**Requirement**
A faithful copy is required. Print each line of the data exactly and omit the pictures.

**Information**
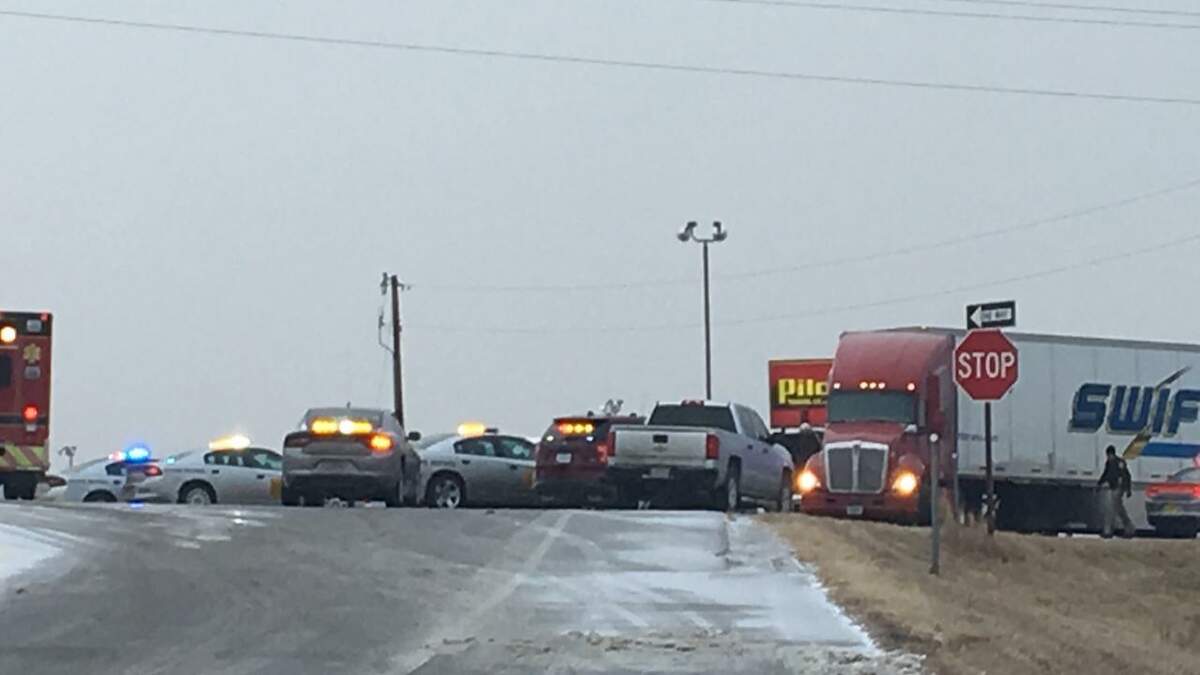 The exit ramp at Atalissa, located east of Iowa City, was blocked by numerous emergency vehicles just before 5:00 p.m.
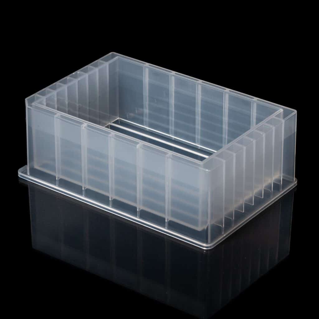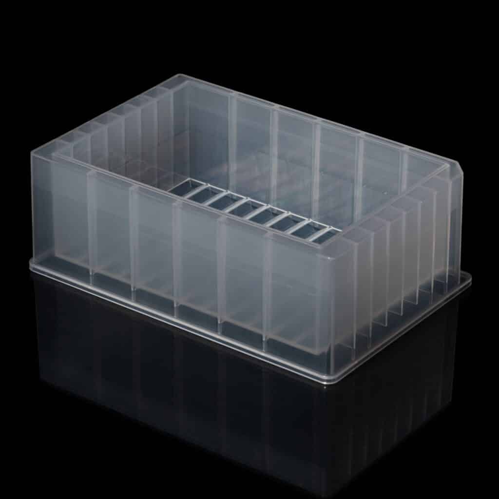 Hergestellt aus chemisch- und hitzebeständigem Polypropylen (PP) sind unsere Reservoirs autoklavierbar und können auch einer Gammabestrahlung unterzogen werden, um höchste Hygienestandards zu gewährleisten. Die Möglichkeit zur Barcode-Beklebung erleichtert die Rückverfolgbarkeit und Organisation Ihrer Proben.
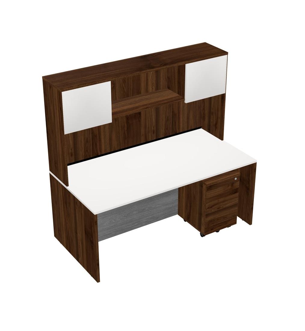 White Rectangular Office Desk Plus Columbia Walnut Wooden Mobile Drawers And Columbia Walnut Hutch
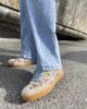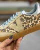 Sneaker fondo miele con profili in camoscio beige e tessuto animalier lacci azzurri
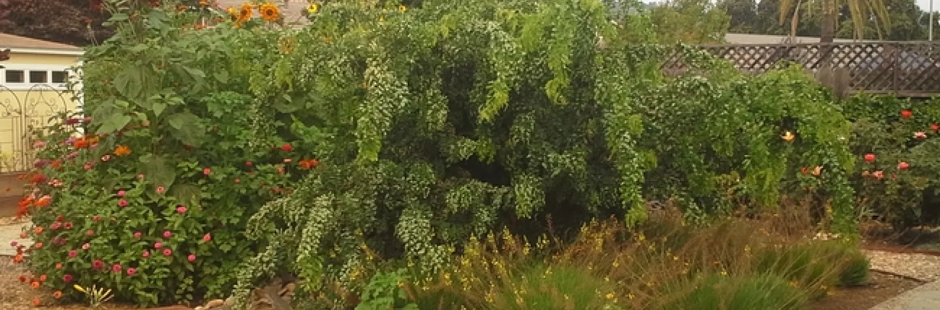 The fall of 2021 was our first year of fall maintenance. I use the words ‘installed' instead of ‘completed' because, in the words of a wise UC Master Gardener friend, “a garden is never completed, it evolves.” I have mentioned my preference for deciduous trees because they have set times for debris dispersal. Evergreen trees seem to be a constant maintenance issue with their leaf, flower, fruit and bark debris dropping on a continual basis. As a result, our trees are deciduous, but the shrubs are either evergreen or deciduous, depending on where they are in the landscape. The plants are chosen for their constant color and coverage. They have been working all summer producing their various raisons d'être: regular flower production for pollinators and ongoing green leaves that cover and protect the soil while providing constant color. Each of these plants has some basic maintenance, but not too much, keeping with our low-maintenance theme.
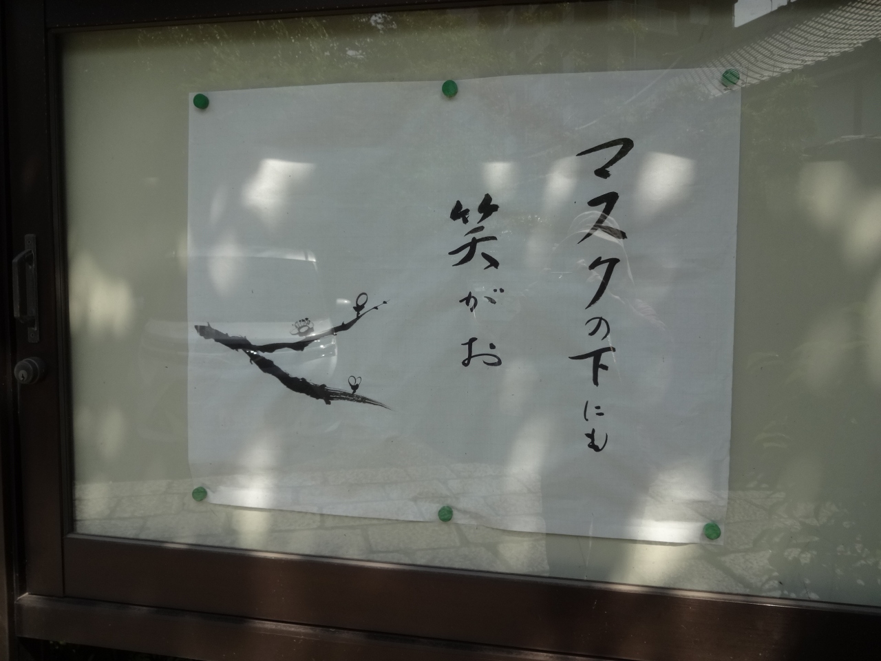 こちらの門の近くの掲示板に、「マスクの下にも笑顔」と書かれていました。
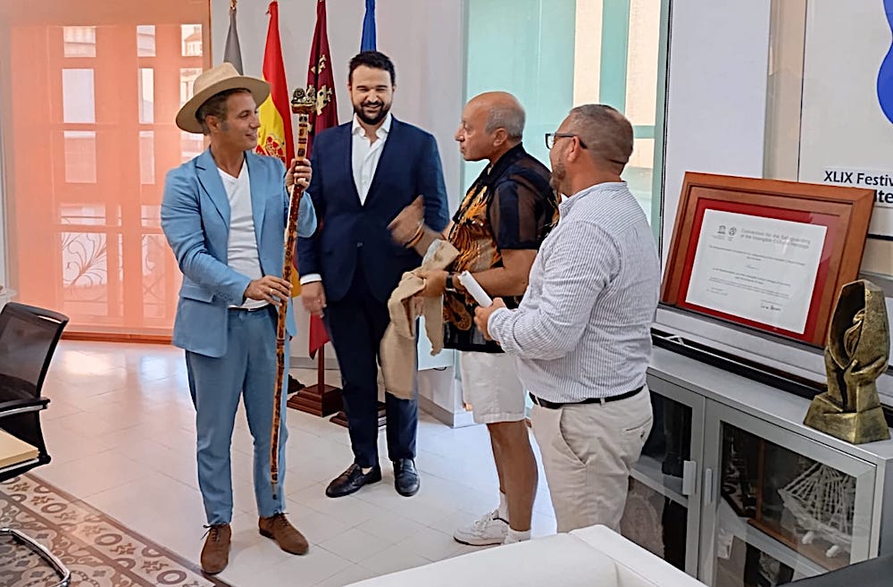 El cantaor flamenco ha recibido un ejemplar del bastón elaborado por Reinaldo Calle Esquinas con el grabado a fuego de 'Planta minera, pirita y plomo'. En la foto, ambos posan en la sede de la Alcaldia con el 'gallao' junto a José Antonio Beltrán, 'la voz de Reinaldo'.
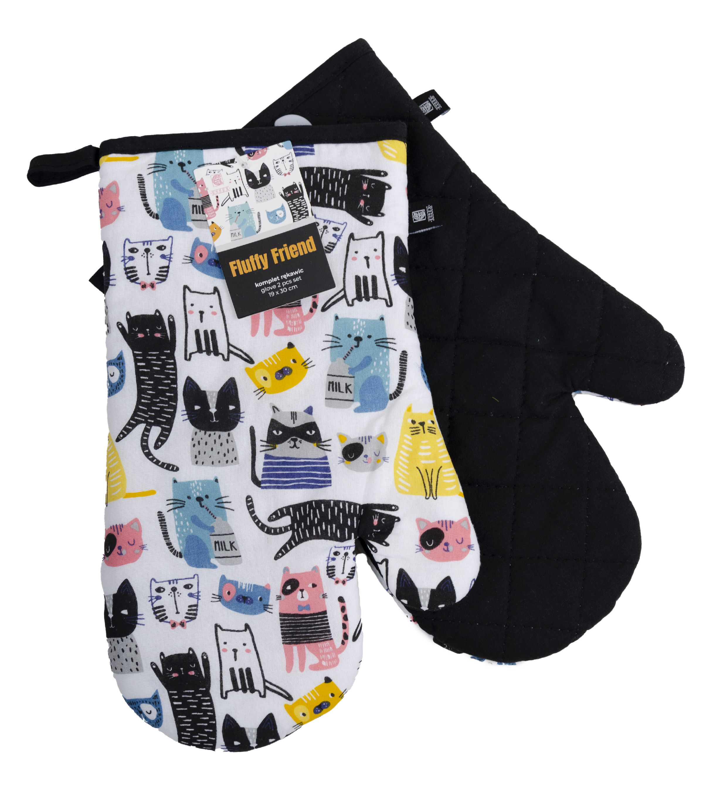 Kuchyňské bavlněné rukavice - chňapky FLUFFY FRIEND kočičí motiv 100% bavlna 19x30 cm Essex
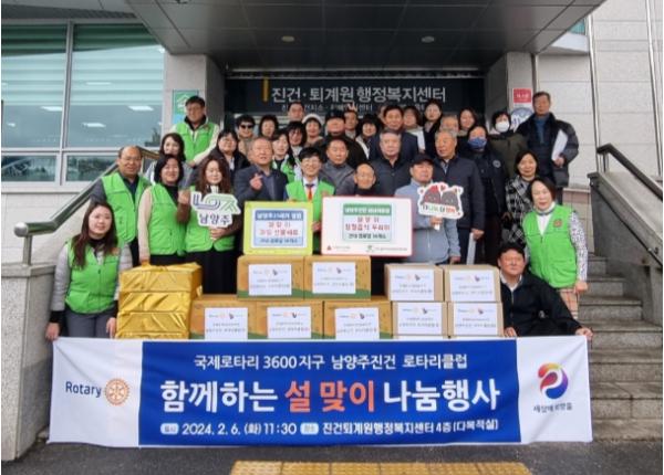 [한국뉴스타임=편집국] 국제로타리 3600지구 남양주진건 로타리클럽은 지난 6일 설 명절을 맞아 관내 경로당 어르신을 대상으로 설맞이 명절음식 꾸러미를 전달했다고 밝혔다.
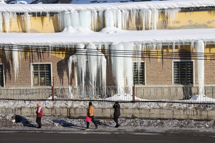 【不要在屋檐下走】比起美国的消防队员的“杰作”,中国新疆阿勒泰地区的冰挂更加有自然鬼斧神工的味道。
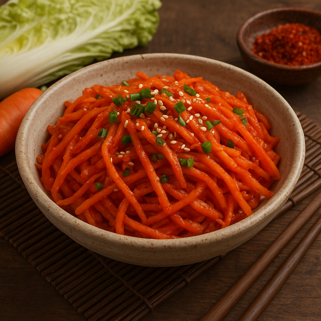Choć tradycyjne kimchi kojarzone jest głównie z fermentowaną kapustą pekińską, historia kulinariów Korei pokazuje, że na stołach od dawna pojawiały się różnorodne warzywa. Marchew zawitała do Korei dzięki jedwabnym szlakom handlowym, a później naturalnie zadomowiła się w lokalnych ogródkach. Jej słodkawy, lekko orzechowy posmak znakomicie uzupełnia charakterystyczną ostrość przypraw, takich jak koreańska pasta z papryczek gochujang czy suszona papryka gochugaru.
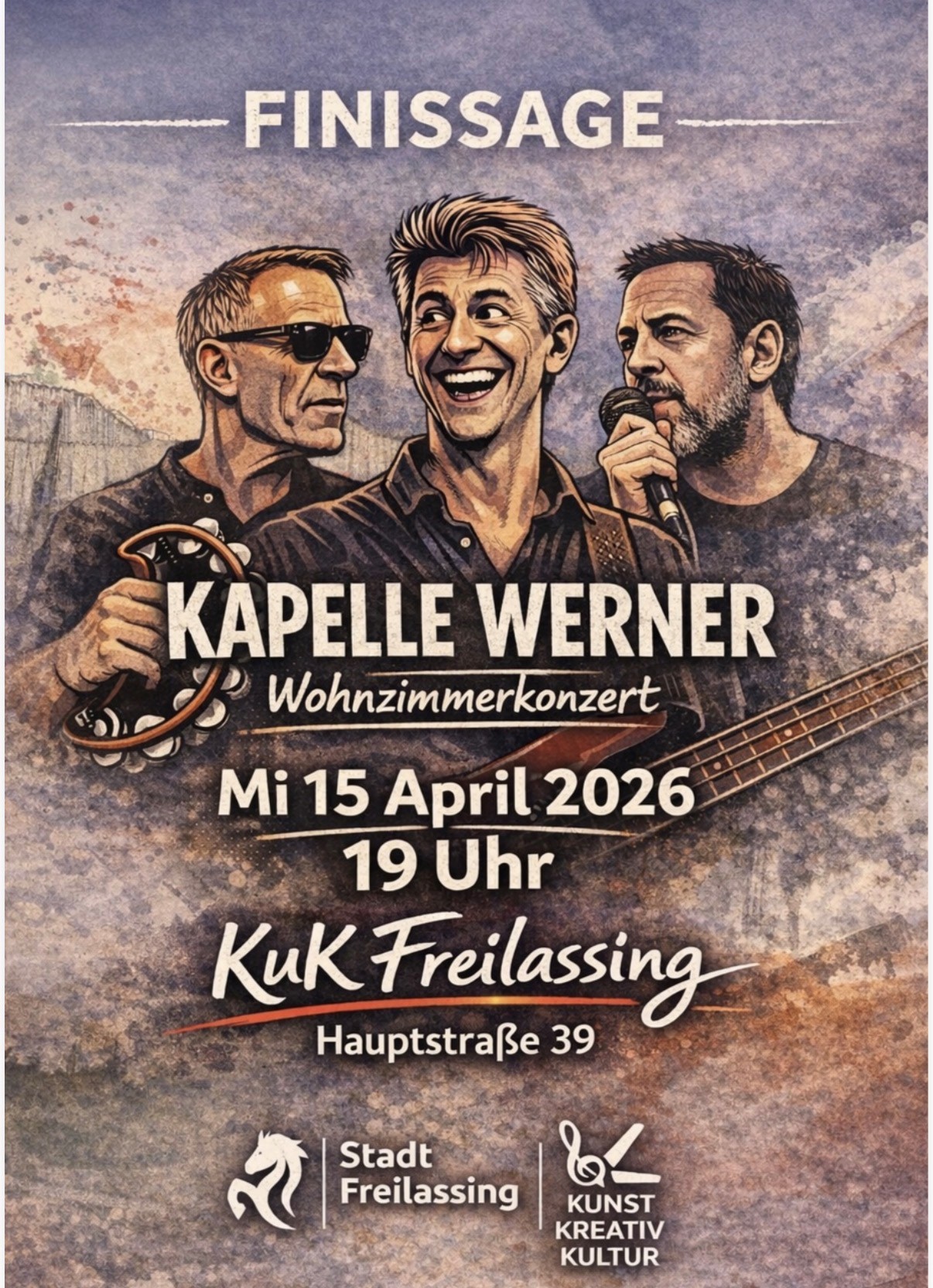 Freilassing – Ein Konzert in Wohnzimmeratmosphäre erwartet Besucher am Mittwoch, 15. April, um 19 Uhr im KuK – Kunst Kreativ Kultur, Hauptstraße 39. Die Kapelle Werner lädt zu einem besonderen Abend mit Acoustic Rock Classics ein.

**Task result**
 The exit ramp at Atalissa, located east of Iowa City, was blocked by numerous emergency vehicles just before 5:00 p.m.
 Hergestellt aus chemisch- und hitzebeständigem Polypropylen (PP) sind unsere Reservoirs autoklavierbar und können auch einer Gammabestrahlung unterzogen werden, um höchste Hygienestandards zu gewährleisten. Die Möglichkeit zur Barcode-Beklebung erleichtert die Rückverfolgbarkeit und Organisation Ihrer Proben.
 White Rectangular Office Desk Plus Columbia Walnut Wooden Mobile Drawers And Columbia Walnut Hutch
 Sneaker fondo miele con profili in camoscio beige e tessuto animalier lacci azzurri
 The fall of 2021 was our first year of fall maintenance. I use the words ‘installed' instead of ‘completed' because, in the words of a wise UC Master Gardener friend, “a garden is never completed, it evolves.” I have mentioned my preference for deciduous trees because they have set times for debris dispersal. Evergreen trees seem to be a constant maintenance issue with their leaf, flower, fruit and bark debris dropping on a continual basis. As a result, our trees are deciduous, but the shrubs are either evergreen or deciduous, depending on where they are in the landscape. The plants are chosen for their constant color and coverage. They have been working all summer producing their various raisons d'être: regular flower production for pollinators and ongoing green leaves that cover and protect the soil while providing constant color. Each of these plants has some basic maintenance, but not too much, keeping with our low-maintenance theme.
 こちらの門の近くの掲示板に、「マスクの下にも笑顔」と書かれていました。
 El cantaor flamenco ha recibido un ejemplar del bastón elaborado por Reinaldo Calle Esquinas con el grabado a fuego de 'Planta minera, pirita y plomo'. En la foto, ambos posan en la sede de la Alcaldia con el 'gallao' junto a José Antonio Beltrán, 'la voz de Reinaldo'.
 Kuchyňské bavlněné rukavice - chňapky FLUFFY FRIEND kočičí motiv 100% bavlna 19x30 cm Essex
 [한국뉴스타임=편집국] 국제로타리 3600지구 남양주진건 로타리클럽은 지난 6일 설 명절을 맞아 관내 경로당 어르신을 대상으로 설맞이 명절음식 꾸러미를 전달했다고 밝혔다.
 【不要在屋檐下走】比起美国的消防队员的“杰作”,中国新疆阿勒泰地区的冰挂更加有自然鬼斧神工的味道。
Choć tradycyjne kimchi kojarzone jest głównie z fermentowaną kapustą pekińską, historia kulinariów Korei pokazuje, że na stołach od dawna pojawiały się różnorodne warzywa. Marchew zawitała do Korei dzięki jedwabnym szlakom handlowym, a później naturalnie zadomowiła się w lokalnych ogródkach. Jej słodkawy, lekko orzechowy posmak znakomicie uzupełnia charakterystyczną ostrość przypraw, takich jak koreańska pasta z papryczek gochujang czy suszona papryka gochugaru.
 Freilassing – Ein Konzert in Wohnzimmeratmosphäre erwartet Besucher am Mittwoch, 15. April, um 19 Uhr im KuK – Kunst Kreativ Kultur, Hauptstraße 39. Die Kapelle Werner lädt zu einem besonderen Abend mit Acoustic Rock Classics ein.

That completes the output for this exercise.